WORK TO BE COMPLETED —
Using the data below, return word for word every line from the one holding "Chân giò lọc" down to the one holding "Hayden Kearns (The". Leave pictures out.

LISTED ENTRIES —
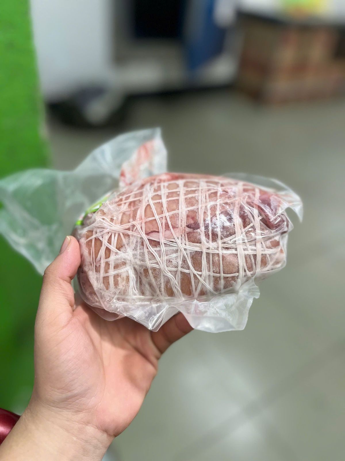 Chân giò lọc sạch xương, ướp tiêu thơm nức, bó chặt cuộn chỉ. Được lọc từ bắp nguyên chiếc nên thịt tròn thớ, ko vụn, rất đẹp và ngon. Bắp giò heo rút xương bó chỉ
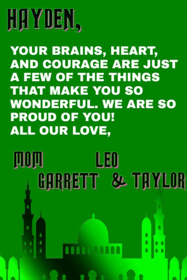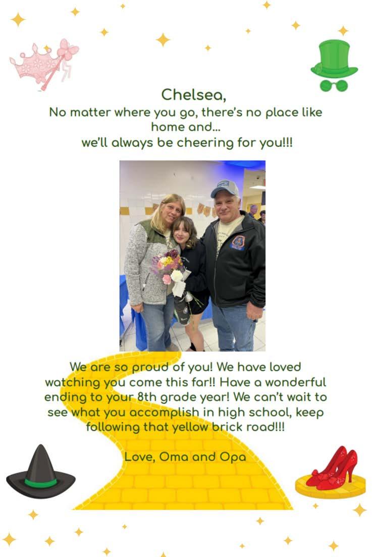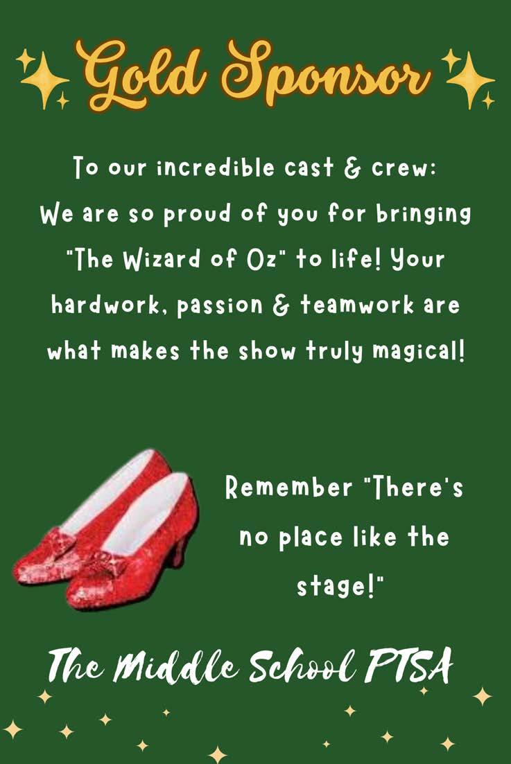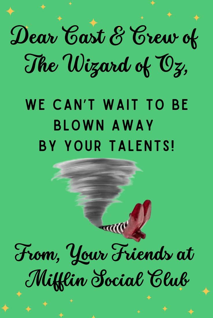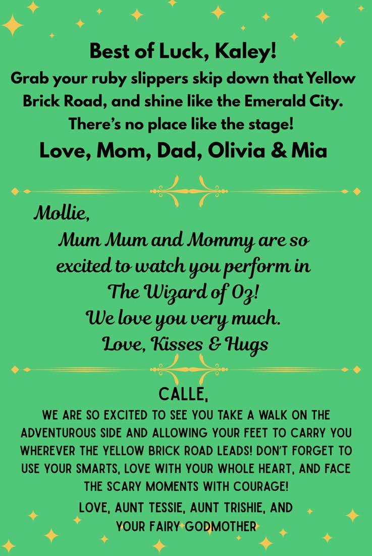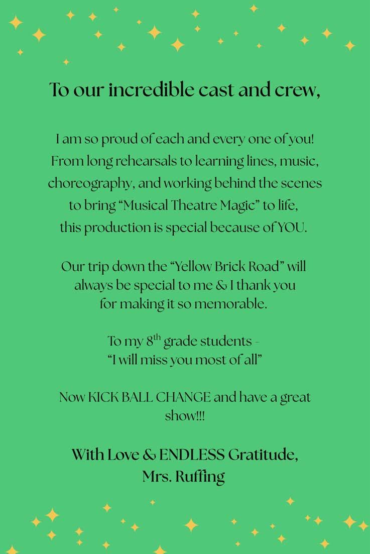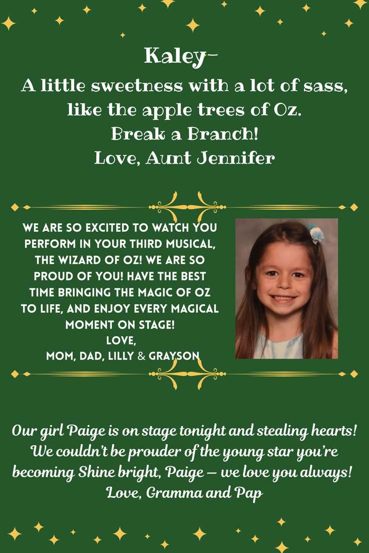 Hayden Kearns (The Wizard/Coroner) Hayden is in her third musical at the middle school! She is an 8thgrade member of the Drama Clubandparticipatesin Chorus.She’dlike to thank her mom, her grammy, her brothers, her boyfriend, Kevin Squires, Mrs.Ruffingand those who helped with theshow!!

--

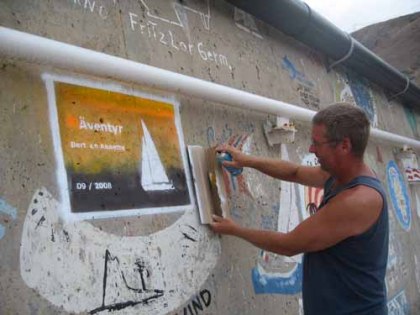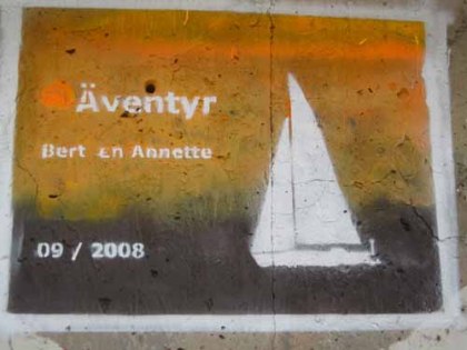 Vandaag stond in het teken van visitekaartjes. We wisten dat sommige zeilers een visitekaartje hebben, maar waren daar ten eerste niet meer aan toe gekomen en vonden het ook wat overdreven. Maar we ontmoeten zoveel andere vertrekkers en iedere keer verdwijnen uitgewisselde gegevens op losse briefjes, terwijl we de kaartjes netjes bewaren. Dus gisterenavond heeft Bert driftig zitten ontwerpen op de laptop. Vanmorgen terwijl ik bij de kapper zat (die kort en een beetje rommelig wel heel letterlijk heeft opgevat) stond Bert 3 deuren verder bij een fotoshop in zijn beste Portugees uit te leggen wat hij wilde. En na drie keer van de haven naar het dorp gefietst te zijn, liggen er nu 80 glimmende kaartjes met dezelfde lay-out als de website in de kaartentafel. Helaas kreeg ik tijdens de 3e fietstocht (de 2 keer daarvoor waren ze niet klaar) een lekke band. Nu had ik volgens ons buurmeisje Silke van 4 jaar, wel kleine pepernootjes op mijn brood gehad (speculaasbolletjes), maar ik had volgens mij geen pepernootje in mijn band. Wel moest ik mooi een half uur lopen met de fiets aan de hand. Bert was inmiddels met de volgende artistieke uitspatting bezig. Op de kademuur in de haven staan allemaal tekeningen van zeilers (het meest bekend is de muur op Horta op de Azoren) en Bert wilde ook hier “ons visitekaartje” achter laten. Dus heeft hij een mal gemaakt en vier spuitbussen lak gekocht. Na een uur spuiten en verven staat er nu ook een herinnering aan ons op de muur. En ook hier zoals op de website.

RESPONSE —
 Chân giò lọc sạch xương, ướp tiêu thơm nức, bó chặt cuộn chỉ. Được lọc từ bắp nguyên chiếc nên thịt tròn thớ, ko vụn, rất đẹp và ngon. Bắp giò heo rút xương bó chỉ
 Hayden Kearns (The Wizard/Coroner) Hayden is in her third musical at the middle school! She is an 8thgrade member of the Drama Clubandparticipatesin Chorus.She’dlike to thank her mom, her grammy, her brothers, her boyfriend, Kevin Squires, Mrs.Ruffingand those who helped with theshow!!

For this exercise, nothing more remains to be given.